Topsy is the latest to face the sunset of the apps

Apple suddenly killed Topsy - two years after acquiring it. Can we rely on acquired apps when so many are sunsetted?

This is how a web service ends: not with a bang, but with a tweet:

And that created consternation – and apologies:

In reality, the only people who should be surprised are those who haven’t been paying attention. Apple acquired Topsy Labs two years ago, and they don’t look like a company that’s interested in getting into the Twitter analytics game. The clock was ticking from the moment the acquisition was announced. The only real surprise is that it took two years to strike “sunset”.

A Sunset swathe

However, Topsy is far from the first product to find its plot in the virtual graveyard in recent weeks. Dropbox “sunsetted” two of its products a week ago: Mailbox, a much-loved e-mail client it acquired (expensively), and Carousel, a photo-sharing app that didn’t get much traction.
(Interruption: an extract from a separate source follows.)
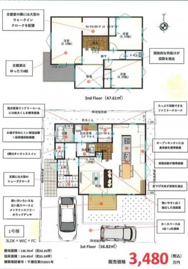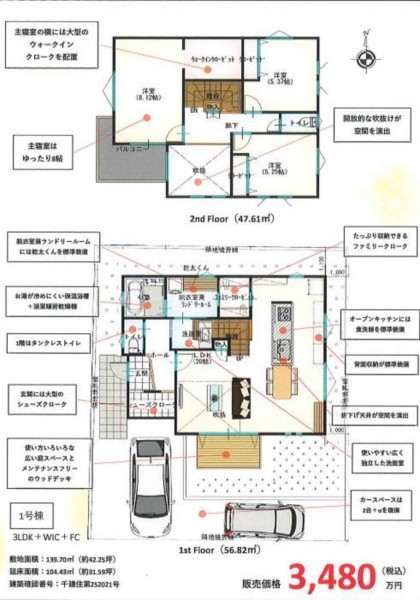 - システムキッチン、食器洗浄乾燥機、洗浄便座、浴室乾燥機、追い焚き、ウォークインクローゼット、モニタ付インターホン、ペット可、駐車場2台分、床下収納、トイレ2箇所

The former may well have been hit by the difficult market for personal productivity apps:

The market for consumer productivity apps, which spurred companies like Dropbox and Evernote to multi-billion-dollar valuations, has proven to be mostly a mirage. Businesses are increasingly happy to buy software for their employees; people are often loath to buy software for themselves

(Evernote, too, has been rationalising side projects.)

And Facebook quietly took its Creative Labs division out the back, gave it a last smoke, and shot it. Fewer people noticed this time around, because very few of its apps – Rooms, Slingshot, Riff – had caught people’s imagination. Indeed, some of them were never available outside the US. Even the mighty Facebook couldn’t take its massive reach and use it to make these apps a success.

Apps are mortal, too

The horrible truth is that most apps die. A big backer is no guarantee of success. There’s a reason the term “unicorn” is en vouge for the companies that make it to success and a big, big valuation – because they’re very close to being mythical creatures. Some apps function as lifestyle business, some get sold. Most fail.

But is acquisition the road to death? Certainly it was for Topsy – Apple is notorious for killing its acquisitions, and absorbing their corpses into their products (see: Siri).

In particular, the Mailbox killing was bemoaned by many as a sign that getting acquired was a death sentence for an app. Developer Brent Simmons was having none of that:

Getting acquired may be the thing that keeps an app alive, or it might be the thing that kills it. Or it might keep an app alive just a little while longer.

And that’s the key: we’re in a time of rapid innovation and growth. And that brings with it a lack of certainty. Sure, makes apps part of how you work – but always keep mindful of the living force how you’ll work if it goes away. And it might.